Чечня. Бизнес. Женщина

 

Недавно в центре Грозного открылся ресторан «Париж». Событие широко освещалось, а как же иначе: ведь принадлежит он старшей дочери Рамзана Кадырова Айшат. В успешности ее бизнеса никто не сомневается. Но как обстоят дела у других чеченских женщин?

Наш корреспондент побеседовал с тремя жительницами Грозного о «границах дозволенного», о контроле и путешествиях, о пожарах и компенсациях, о ППСниках и мужьях и, конечно же, о свободе. Которая, как ни крути, невозможна без финансовой независимости. Но и с ней не всегда достижима.

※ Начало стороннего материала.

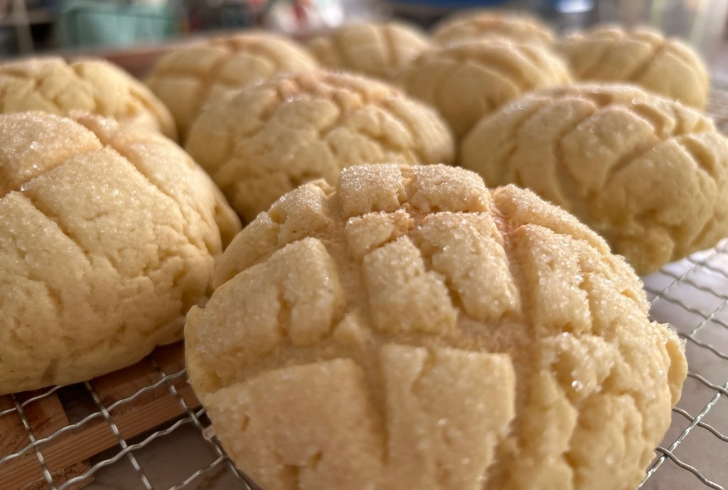 Two days ago, M1 had the urge to bake. And out came the kitchen stand mixer after so long. I came home from golf to find these lovely melon buns sitting on the counter to cool. Not only were they gorgeous to look at, but they tasted good. Yum!
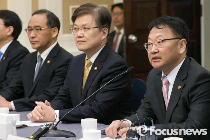 (서울=포커스뉴스) 유일호(오른쪽) 경제부총리 겸 기획재정부 장관이 17일 오전 서울 여의도 국회에서 열린 규제프리존특별법 제정을 위한 당정협의에 참석해, 모두발언하고 있다.

К сожалению, только одна из трех героинь согласилась беседовать под своим именем. С нее и начнем.

Роза Махагова, дизайнер женской одежды: «Отцы и братья могут заставить женщину закрыть свой бизнес, если это магазин или ресторан. А портняжить разрешают»

Ее мастерская находится неподалеку от главного проспекта Грозного. Роза шьет для узкого круга клиенток и ведет курсы.

— Мы с сестрой учились шить во Дворце офицеров, ходили в швейный кружок. Занятия вели армянские и еврейские портные. Я больше любила читать, чем шить, но предвоенная нужда заставила посмотреть на это умение с практической стороны. После девятого класса пошла в училище, а после мы с сестрой занялись индивидуальным пошивом.

В 2004 я вышла замуж и уехала Москву. Там окончила университет культуры и искусств, работала в столичных ателье. Спустя несколько лет развелась и вернулась в Грозный. Начала работать как дизайнер. Представляла платья на столичных конкурсах, открыла свой магазин, сейчас он перебрался в сеть.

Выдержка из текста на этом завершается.